Гущин положил руку на ее плечо. Юлька уткнулась лицом в его грудь и провела по ней сухим шершавым языком. Он легонько поцеловал ее выгоревшие желтые волосы.
– Хорошо мне. Я в комнату пошла. Приходи.
В комнате щелкнул выключатель, зашелестело ее платье, потом скрипнула кровать. Он задержался у окна, в котором ничего не было видно, кроме собственного отражения, и, усмехнувшись, подумал: «А может, и вправду в ней спрятано то, чего нет у Людмилы?»
Утром хотел сказать, что она была права, но Юлька убежала, не дожидаясь, когда он проснется. Наверное, на рассвете, чтобы не плодить сплетни.
11
Улетал Гущин на следующий день. На автобусной остановке он увидел Лемыцкого. Стас, облокотившись на заборчик, стоял с закрытыми глазами, и по лицу его ползла муха. Выпирающий живот растянул его рубашку, и майка нежно-голубого цвета выглядывала в прорехи, словно подчеркивая чистоплотность и заботливость жены.
Юльки на остановке не было.
Лемыцкий смахнул муху и шагнул Юра, я тебя жду. Вон и Николай с машиной.
– Приветствую. Ну как, прибил медяшку?
– Вчера, сразу как приехал.
– Помогло?
– Так не сразу же действовать начнет. Подожду, там видно будет.
– А я загулял, Юрочка, радость у меня. Матвеич возвращается. А тебя Ухов так и не уговорил?
– Нет, я в отпуск.
Они отвезли его в порт и – пока Гущин не взял билет – не уезжали.
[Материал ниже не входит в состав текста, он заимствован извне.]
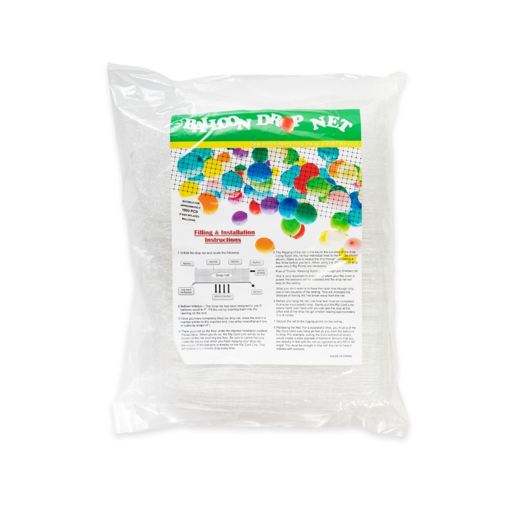 Sieť na vypúšťanie padajúcich balónikov je profesionálna dekorácia určená pre veľké spoločenské akcie, kde chcete vytvoriť skutočne pôsobivý moment. Sieť sa zavesí k stropu alebo do konštrukcie nad tanečný parket, pódium alebo priestor pre hostí a naplnia sa balóniky. V správny okamih sa sieť otvorí a balóniky sa zrazu znesú dole medzi hosťami.

Ан-2 сделал круг над Михайловкой. С высоты она казалась красивенькой и наивной, как рисунок на детской выставке: ровные зеленые улочки по склонам сопок, голубые зигзаги реки, а высокая труба в углу картинки была подрисована уже другой рукой, любителя старинных крепостей и баталий.
Рассказы
В разгар бабьего лета
Бабы курили. Вернее, курила одна Лилька Шабалова, бригадир Граня разводила теплинку из газет, оставшихся после еды, а остальные просто отдыхали. Второй день как они закончили ремонт путей на длинном болотистом участке. Теперь узкоколейка шла по суходолу. Сразу за линией весело цвел сентябрьский лес, скрашивая тяжелую однообразную работу и придавая коротким перекурам особую мягкость и полную расслабленность.